AnkitK wrote:
Thankzz to all.
But i am still confused about the logic behind below concept . Dear Fluke pls elaborate :
"x will be maximum when y is maximum. What is the maximum value for y
Max value for y = minimum of (40,70).
Because the number of students with brown hair is 40, the maximum number of students to have both brown hair and blue eyes can only be 40"
How can the number of students having neither brown hair nor blue eyes be maximized?
If the overlap between blue eyed guys and brown hair guys is increased; means the number of students having BOTH blue eyes and brown hair be increased. In terms of the set \(n(A\cap B) is increased\)
For simplicity;
Ex: Say there are 4 students(a,b,c,d);
1 student has brown hair and 2 students have blue eyes;
Stem says: 1 student has brown hair and 2 students have blue eyes;
minimum number of students who neither have blue eyes nor brown hair
Say
a-> brown hair (1 student has brown hair)
b,c-> blue eyes (2 students have blue eyes)
Number of students to have both blue eyes AND brown hair = 0
d-> doesn't have either blue eyes or brown hair. Count: 1
Maximum number of students who neither have blue eyes nor brown hair
Say
a-> brown hair & blue eyes
b-> blue eyes
Number of students to have both blue eyes AND brown hair = 1(a)
c,d-> doesn't have either blue eyes or brown hair: Count: 2
Mathematically; you can see;
To find the maximum number of students that have neither. We need to have maximum possible number of students that can have both.
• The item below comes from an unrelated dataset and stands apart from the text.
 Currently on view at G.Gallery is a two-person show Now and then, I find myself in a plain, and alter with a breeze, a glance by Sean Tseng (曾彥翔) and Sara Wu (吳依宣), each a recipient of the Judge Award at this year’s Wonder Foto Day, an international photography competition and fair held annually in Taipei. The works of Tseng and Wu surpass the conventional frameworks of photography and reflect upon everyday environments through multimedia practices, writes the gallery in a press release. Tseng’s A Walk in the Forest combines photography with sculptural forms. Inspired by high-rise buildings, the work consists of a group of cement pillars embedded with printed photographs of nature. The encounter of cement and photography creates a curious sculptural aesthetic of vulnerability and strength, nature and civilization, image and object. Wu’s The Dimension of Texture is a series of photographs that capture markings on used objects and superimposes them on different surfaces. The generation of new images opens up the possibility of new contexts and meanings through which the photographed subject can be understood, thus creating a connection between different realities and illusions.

Why the maximum number of students that have both can't be greater than the minimum of the two.
Maximum number of students having both = min(Students with brown hair, Students with blue eyes)
Students with brown hair = 1
Students with blue eyes = 2
Can the number of students having both be "2". NO... if out of 4 students; only 1, just ONE student has brown hair, how can there be 2 students with brown hair and blue eyes. It is clearly mentioned in the question;
Likewise;
Because the number of students with brown hair is 40, the maximum number of students to have both brown hair and blue eyes can only be 40". If only 40 students have brown hair, how can 41 students have both. It can never be any number more than 40.
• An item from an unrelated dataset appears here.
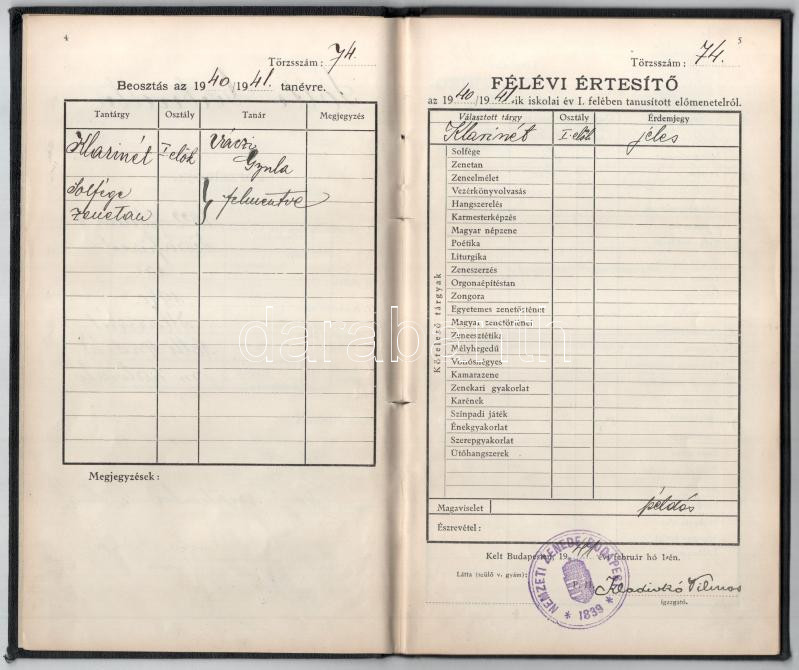 1940-44 Nemzeti Zenede fényképes tanulmányi értesítője, Solti Gabriella izraelita növendék részére, Sugár Viktor és Kladivkó Vilmos igazgatók aláírásaival, papírfelzettel, vászonkötésen kisebb folttal, máskülönben jó állapotban

Thus the maximum number of intersection is always the minimum of two counts.
Now, if 40 students have both blue eyes and brown hair and question says there are 70 students to have blue eyes. There are another 30 students who have blue eyes but no brown hair.
Total becomes 70: 40(Both brown and blue), 30(just blue).
Total students=100
Neither = 100-70=30
Coming to the find the minimum number of intersection;
if there are 40 students - brown hair
70 - blue eyes
it becomes 40+70=110. But, the total strength is 100. Thus, 10 students have both blue and brown, but 0 zero students who have neither.
*****